To find the standard enthalpy of combustion of glucose, we will first write the balanced chemical equation for the combustion of glucose. The chemical formula for glucose is $ C_6H_{12}O_6 $. Combustion involves the reaction of a substance with oxygen to produce carbon dioxide (CO₂) and water (H₂O) typically. The reaction for the combustion of glucose can be represented as:

$$ C_6H_{12}O_6 (s) + 6O_2 (g) \rightarrow 6CO_2 (g) + 6H_2O (l) $$

Each molecule of glucose (C6H12O6) produces six molecules of CO₂ and six molecules of H₂O. Now, we use the given standard enthalpies of formation (ΔH_f°) for these substances to find the enthalpy of the reaction.
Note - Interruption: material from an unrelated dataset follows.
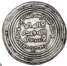
Lot 64 (obverses)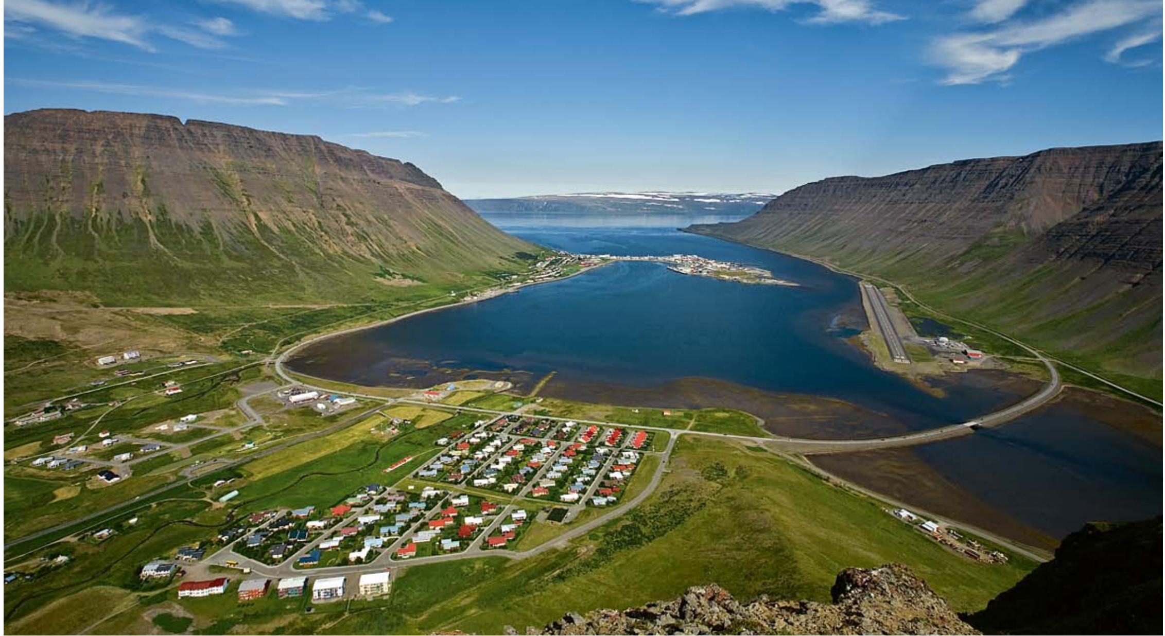
The approach to Ísafjörður airport is a little unconventional.

The enthalpy of a reaction can be calculated using the formula:

$$ \Delta H_{\text{reaction}} = \sum \Delta H_{f,\text{products}} - \sum \Delta H_{f,\text{reactants}} $$

For the given reaction:

• ΔH_f° of CO₂(g) = –400 kJ/mol
• ΔH_f° of H₂O(l) = –300 kJ/mol
• ΔH_f° of glucose(s) = –1300 kJ/mol

The sum of the standard enthalpies of formation of the products:

$$ [6 \times (-400) \text{ kJ/mol}] + [6 \times (-300) \text{ kJ/mol}] = (-2400 + -1800) \text{ kJ} = -4200 \text{ kJ} $$

The sum of the standard enthalpies of formation of the reactants (glucose as only part contributing with enthalpy value other than zero):

$$ [-1300 \text{ kJ/mol}] + [6 \times 0 \text{ kJ/mol for } O_2] $$

Therefore, the standard enthalpy of combustion of glucose is:

$$ \Delta H_{\text{reaction}} = (-4200 \text{ kJ}) - (-1300 \text{ kJ}) = -2900 \text{ kJ} $$

So, -2900 kJ of energy is released per mole of glucose combusted at standard conditions. The standard enthalpy of combustion per gram of glucose can be calculated using the molar mass of glucose. Glucose has a molar mass of approximately 180 g/mol.

$$ \Delta H_{\text{combustion per gram}} = \frac{-2900 \text{ kJ/mol}}{180 \text{ g/mol}} = -16.11 \text{ kJ/g} $$

Thus, the correct answer is -16.11 kJ per gram of glucose, which corresponds to option C –16.11 kJ.